A: One of them has two files! I don't think this is true for the Wedge, but it's good to practice. 

Now, we're getting close. At this point, we'd like to do something like the following:

1. Open a zip file
1. Get a list of the files in there
1. Read those files as we've read plain text files before.

In [None]:
this_zf = zip_files[0]

with ZipFile("data/" + this_zf,'r') as zf :
    zipped_files = zf.namelist()
    
    for file_name in zipped_files :
        with zf.open(file_name,'r') as input_file :
            for idx, line in enumerate(input_file) :
                print(line)
                if idx > 5 :
                    break


Let's spend a little time reading what's going on here. 

Q: What's up with the `b'some string stuff'`? 

A: Text files inside zips are stored as _bytes_, not strings. The explanation of this gets [complicated](https://stackoverflow.com/questions/6224052/what-is-the-difference-between-a-string-and-a-byte-string) and we'll talk more about it later in the semester. Python 3 will allow us to use a new function `io.TextIOWrapper` to get the job done.

In [None]:
import io

this_zf = zip_files[0]

with ZipFile("data/" + this_zf,'r') as zf :
    zipped_files = zf.namelist()
    
    for file_name in zipped_files :
        input_file = zf.open(file_name,'r')
        input_file = io.TextIOWrapper(input_file,encoding="utf-8")
        
        for idx, line in enumerate(input_file) :
            print(line)
            if idx > 3 :
                break

        input_file.close() # tidy up

Q: What do you notice about this output? 

A: Header rows. Quotes around strings. Tab delimits are being printed as tabs.

Okay, now we're close to finishing our work with zip files. In the cell below, write code that will 

1. Iterate over every zip file.
1. Print out the name of the containing file. 
1. Print out the first 3 lines of each file. 

In [None]:
for this_zf in zip_files :
    with ZipFile("data/" + this_zf,'r') as zf :
        zipped_files = zf.namelist()

        for file_name in zipped_files :
            print(file_name + "\n")
            input_file = zf.open(file_name,'r')
            input_file = io.TextIOWrapper(input_file,encoding="utf-8")

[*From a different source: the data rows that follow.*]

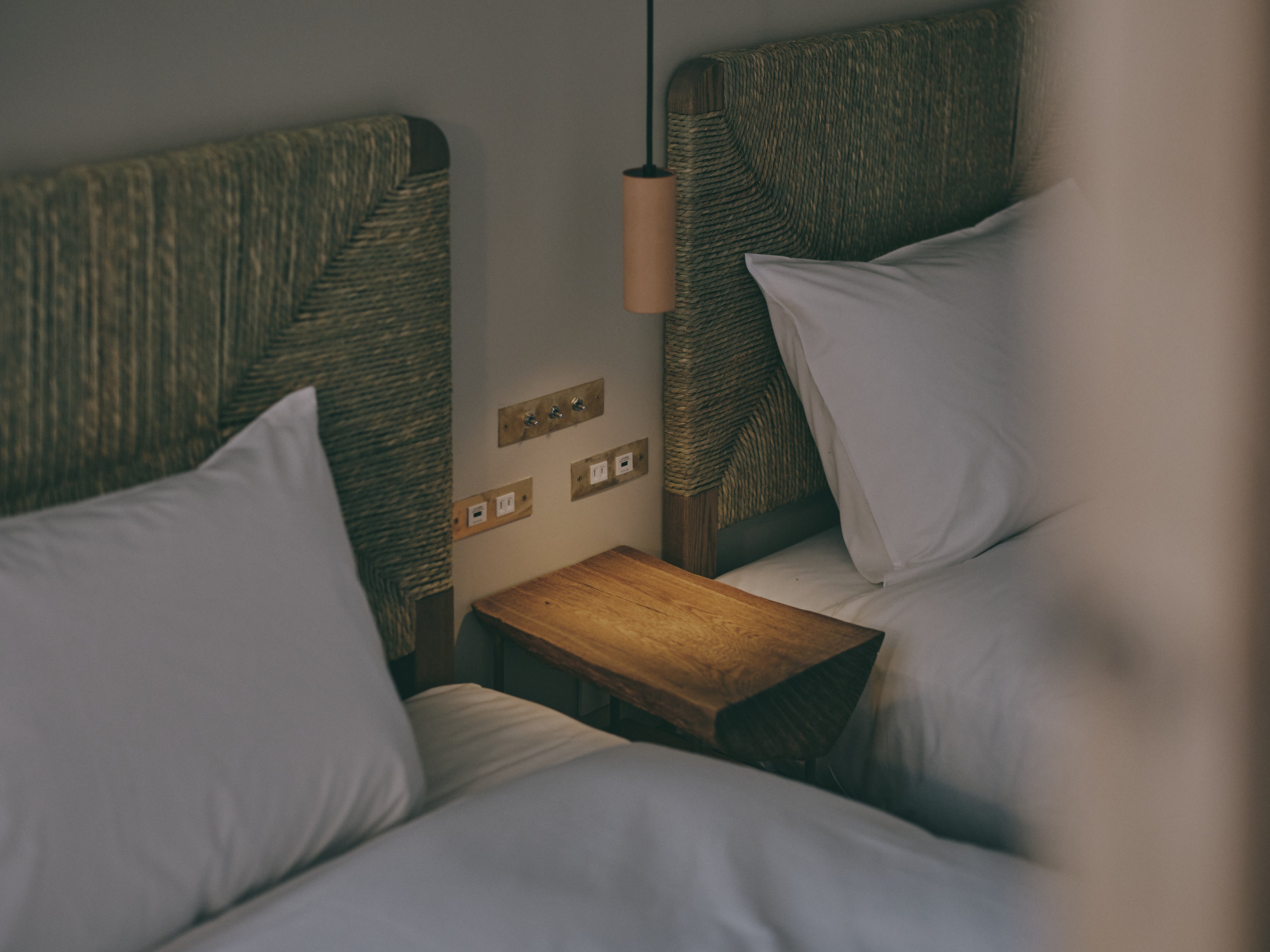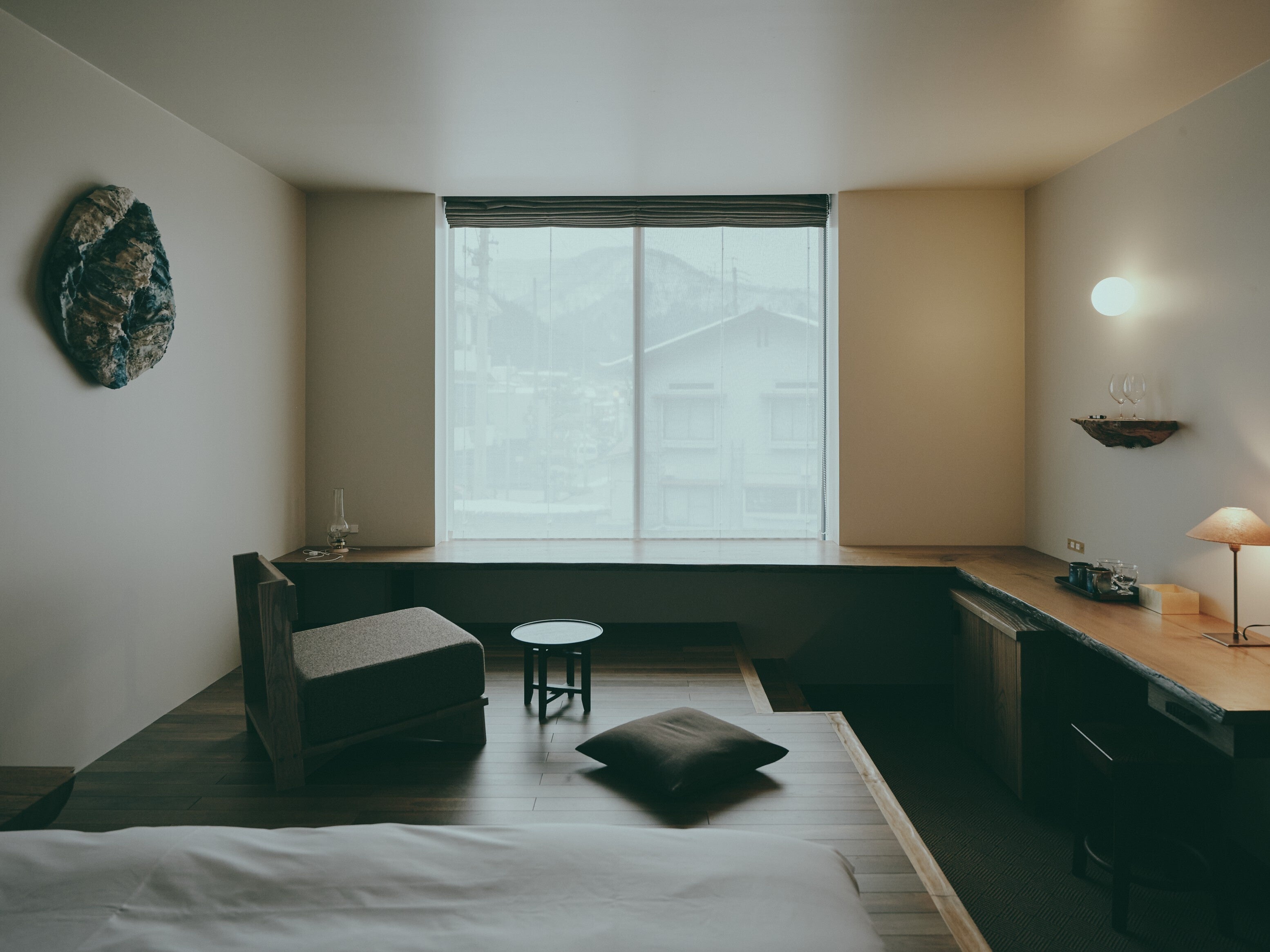 全10室の客室は、古民家に残る太い梁や土壁の質感を受け継ぎながら、雪国の静けさとともに、土地の時間に身を委ねる空間として整えられています。室内には、土や水、祈りの記憶をモチーフにした全室異なるアートが配され、滞在するたびに異なる野沢の気配と向き合うことができます。野沢の湧水や地酒、クラフトジンを楽しみながら、村の自然と人が交わる静かな時間をお過ごしいただけます。
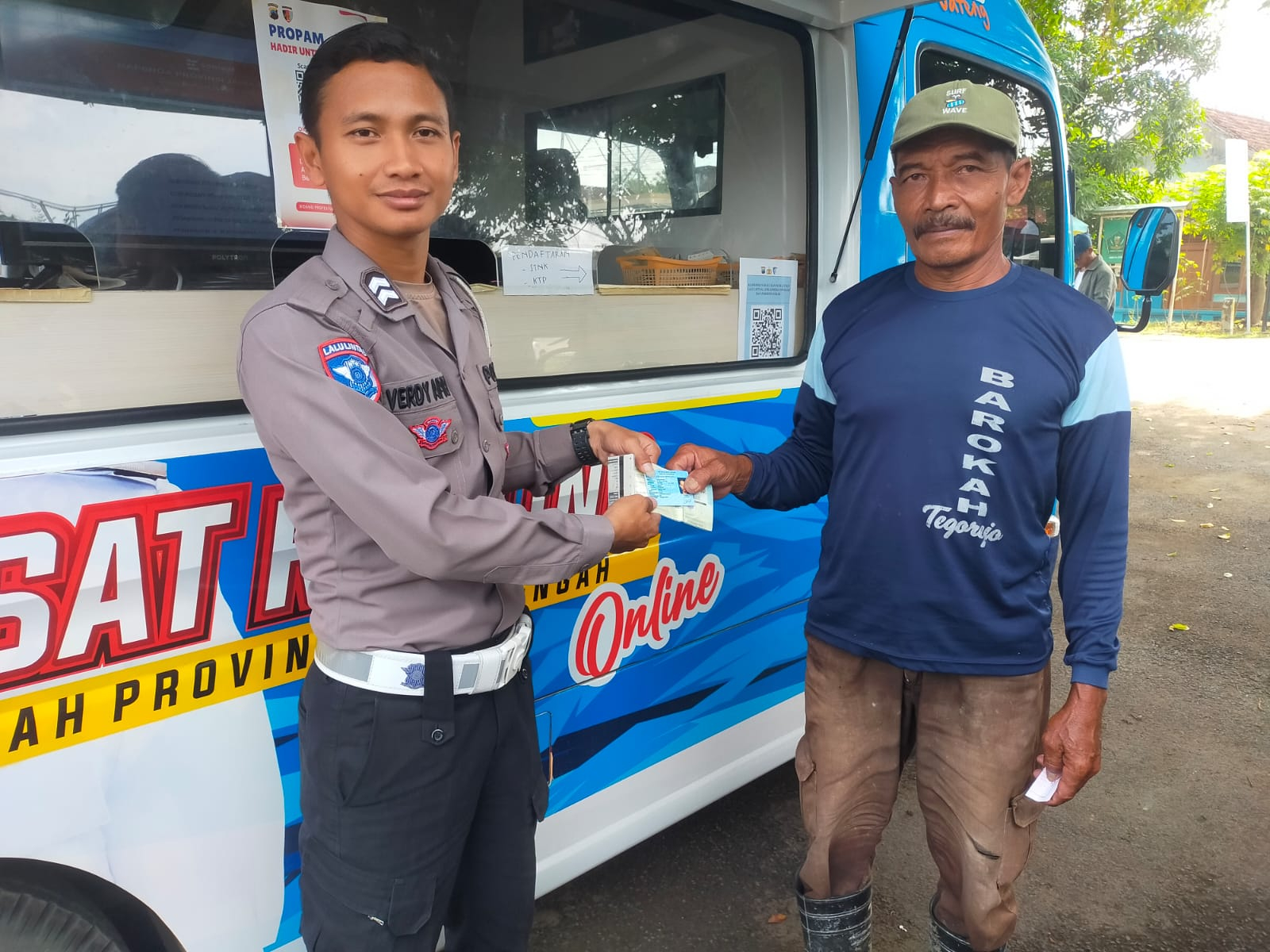 Kendal, Jawa Tengah — Anggota Satlantas Polres Kendal, Briptu Verdy, menunjukkan komitmen pelayanan prima kepada masyarakat saat bertugas di Samsat Keliling (Samkel) Kecamatan Pegandon, Kamis (20/11/25).
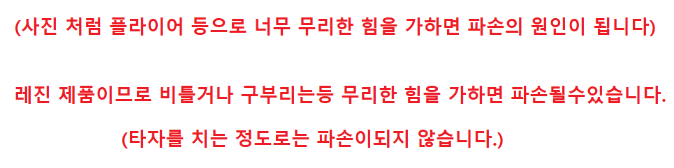 주의사항:일부로 무리한 힘을 가하면 파손의 원인이됩니다.

            for idx, line in enumerate(input_file) :
                print(line)
                if idx > 3 :
                    break

            input_file.close() # tidy up

Notice all the weirdness in there!

## Checking for delimiters

Now that we can get inside these files, let's test for delimiters. First do some Googling and see if you can come up with some good approaches. 

---

Some dead space to make it easier to not peek ahead. Practice the searching!

---

For real!

---

Okay, let's get on with it.

The `csv` module has a super-useful function called `sniffer`. It'll just let you test for delimiters. Let's see it in action. (Also, we're going to store the delimiters in a dictionary keyed to file name so that we can use them later.)

In [None]:
import csv

delimiters = dict() 

# Start by reading in all the files again.

for this_zf in zip_files :
    with ZipFile("data/" + this_zf,'r') as zf :
        zipped_files = zf.namelist()

        for file_name in zipped_files :
            input_file = zf.open(file_name,'r')
            input_file = io.TextIOWrapper(input_file,encoding="utf-8")
            
            dialect = csv.Sniffer().sniff(sample=input_file.readline(),
                                      delimiters=[",",";","\t"])
            
            delimiters[file_name] = dialect.delimiter
            
            #input_file.seek(0)
            
            print(" ".join(["It looks like",
                           file_name,
                           "has delimiter",
                           dialect.delimiter,
                           "."]))

            input_file.close() # tidy up

In [None]:
for this_zf in zip_files :
    with ZipFile("data/" + this_zf,'r') as zf :
        zipped_files = zf.namelist()

        for file_name in zipped_files :
            input_file = zf.open(file_name,'r')
            for line in input_file.readlines() :
                line = line.split(dialect.delimiter).strip()
                


Let's read through this and try to interpret what's going on. 

## Checking for Headers

Now that we can find the delimiters, let's check for the presence of headers. First, let's 
just split the first line based on the delimiter and print that out. 

In [None]:
for this_zf in zip_files :
    with ZipFile("data/" + this_zf,'r') as zf :
        zipped_files = zf.namelist()

        for file_name in zipped_files :
            input_file = zf.open(file_name,'r')
            input_file = io.TextIOWrapper(input_file,encoding="utf-8")
            
            this_delimiter = delimiters[file_name]
            
            for line in input_file :
                print(line.strip().split(this_delimiter))
                break

            input_file.close() # tidy up

Now rewrite the above cell so that you test for the presence of a header row and write out the True or False value.

In [None]:
for this_zf in zip_files :
    with ZipFile("data/" + this_zf,'r') as zf :
        zipped_files = zf.namelist()

        for file_name in zipped_files :
            input_file = zf.open(file_name,'r')
            input_file = io.TextIOWrapper(input_file,encoding="utf-8")
            
            this_delimiter = delimiters[file_name]
            
            for line in input_file :
                print("Header row? " + str("Sepal" in line))
                print(line.strip().split(this_delimiter))
                break

            input_file.close() # tidy up